1. Describe some of the trade-offs faced by each of the following:
a. a family deciding whether to buy a new car
b. a member of Congress deciding how much to spend on national
parks
c. a company president deciding whether to open a new factory
d. a professor deciding how much to prepare for class
e. a recent college graduate deciding whether to go to graduate school
2. You are trying to decide whether to take a vacation. Most of the costs of
the vacation (airfare, hotel, and forgone wages) are measured in dollars,
but the benefits of the vacation are psychological. How can you compare
the benefits to the costs?
3. You were planning to spend Saturday working at your part-time job, but a
friend asks you to go skiing. What is the true cost of going skiing? Now
suppose you had been planning to spend the day studying at the library.
What is the cost of going skiing in this case? Explain.

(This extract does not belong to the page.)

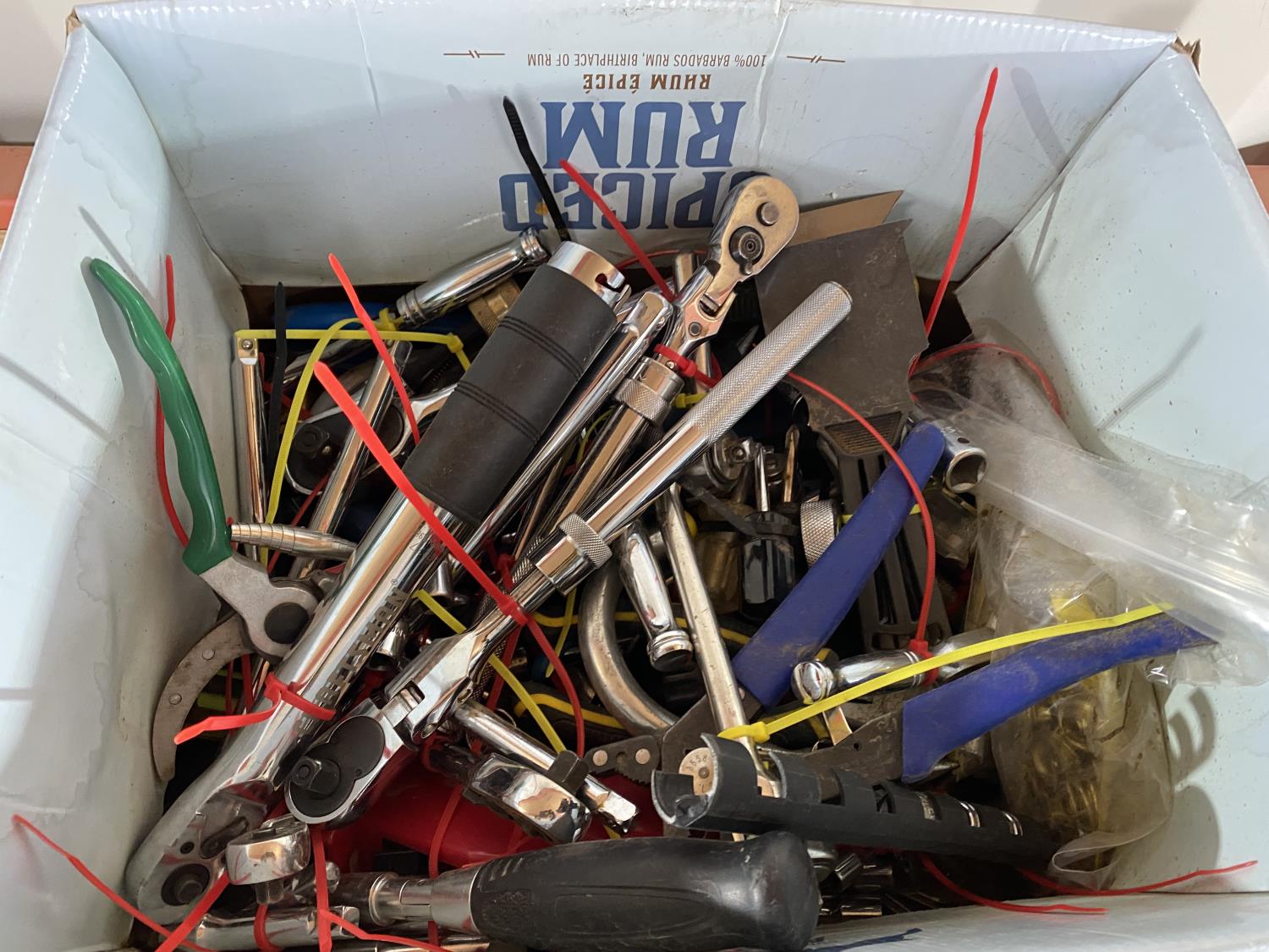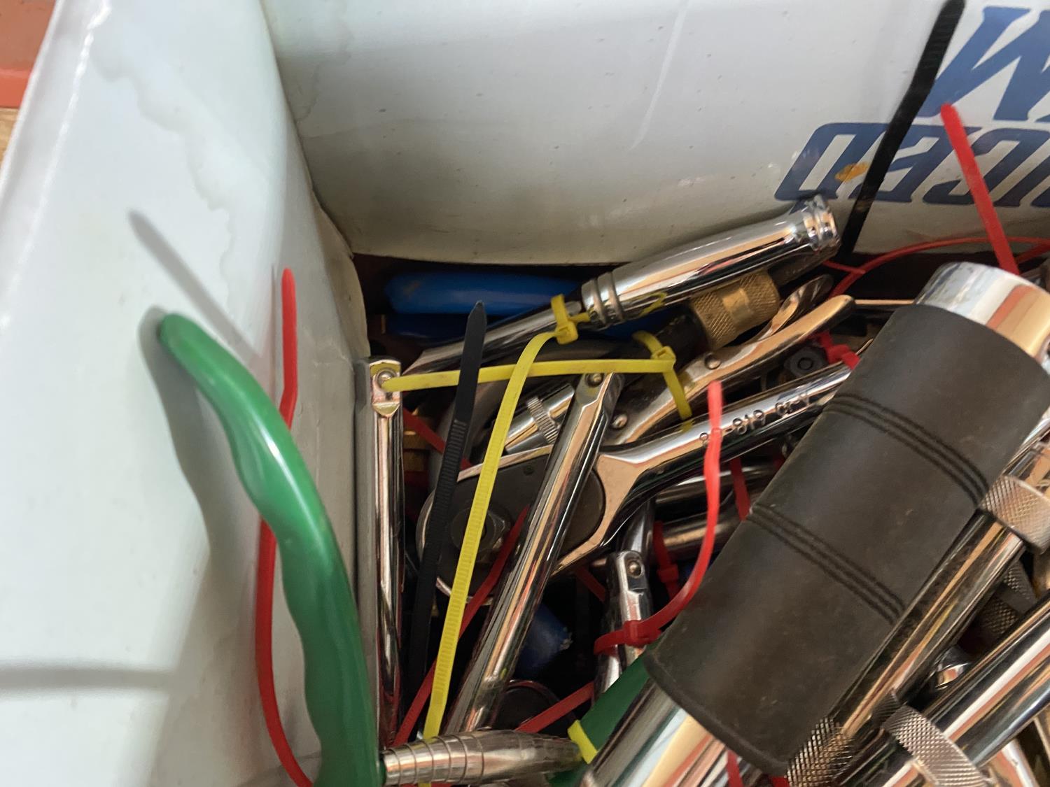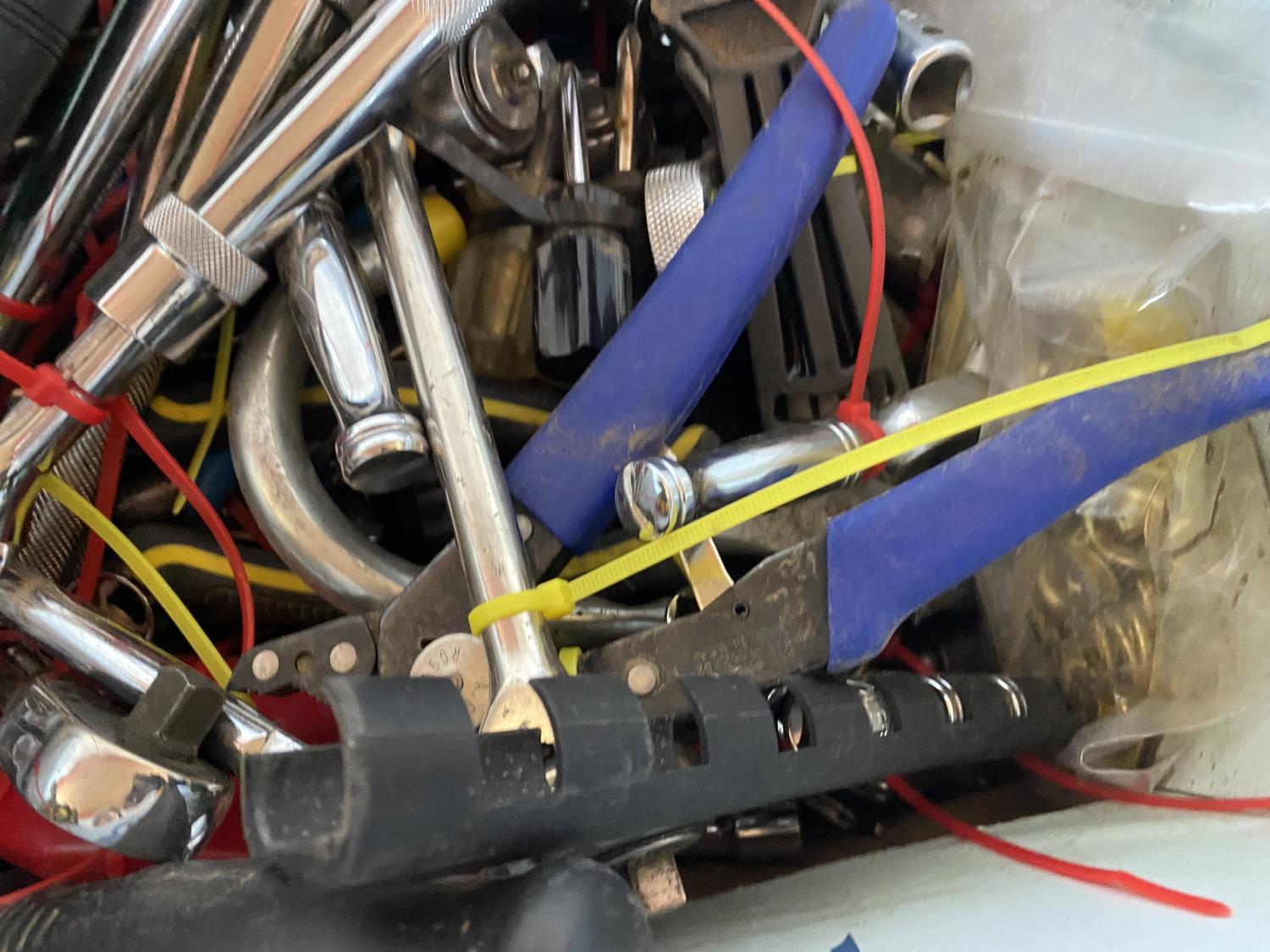 includes miscellaneous sockets, crescent wrenches, pliers, ratchet wrenches
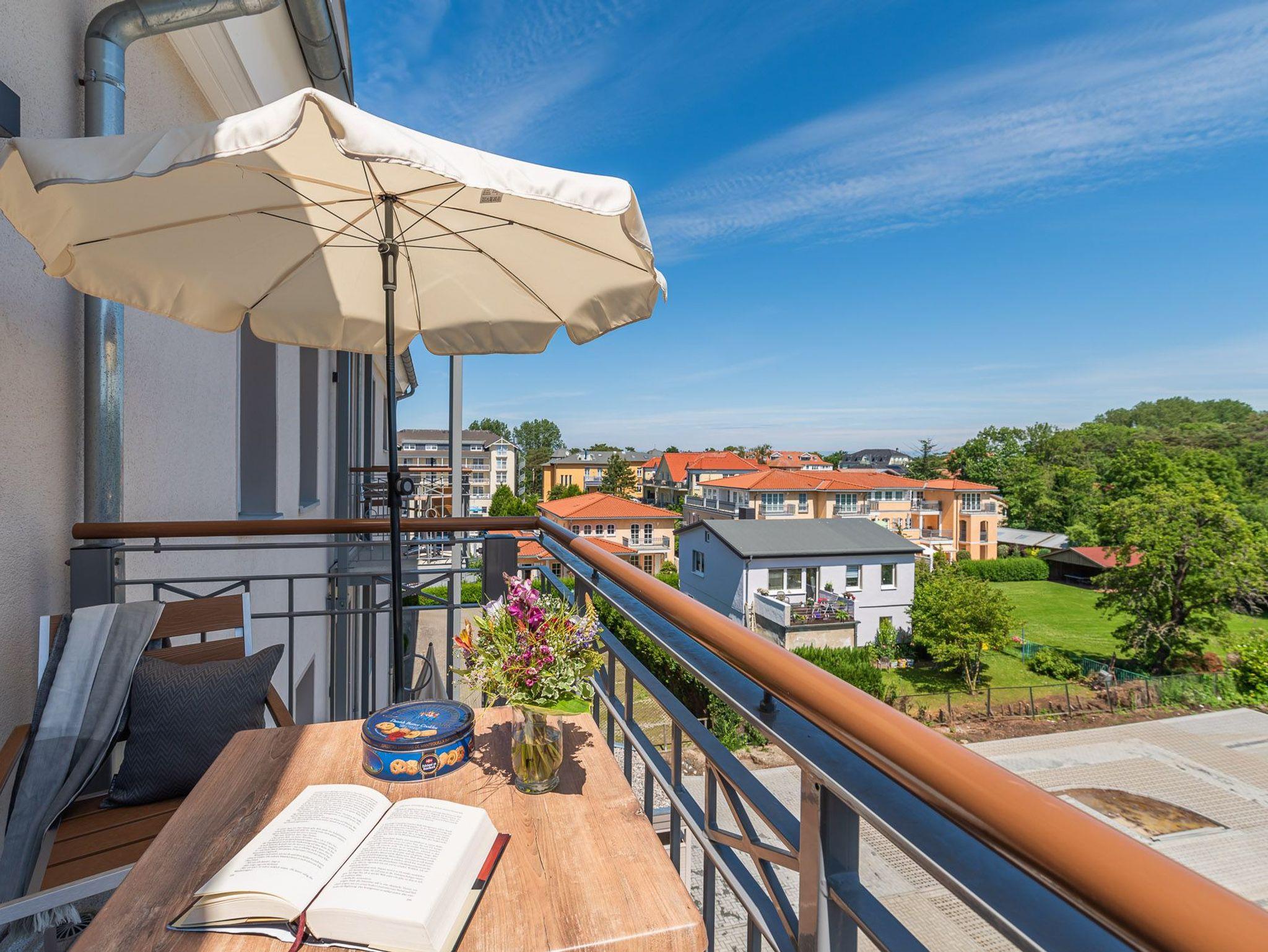 Das Apartment bietet mit seinen zwei Zimmern genügend Platz für 4 Personen. Außerdem verfügt es neben seiner Wohnfläche von ca. 39 qm auch über einen Balkon. Dieser ist mit Balkonmöbeln und einem Sonnenschirm ausgestattet.

4. You win $100 in a basketball pool. You have a choice between spending
the money now and putting it away for a year in a bank account that pays
5 percent interest. What is the opportunity cost of spending the $100
now?
5. The company that you manage has invested $5 million in developing a
new product, but the development is not quite finished. At a recent
meeting, your salespeople report that the introduction of competing
products has reduced the expected sales of your new product to $3
million. If it would cost $1 million to finish development and make the
product, should you go ahead and do so? What is the most that you should
pay to complete development?
6. A 1996 bill reforming the federal government's antipoverty programs
limited many welfare recipients to only 2 years of benefits.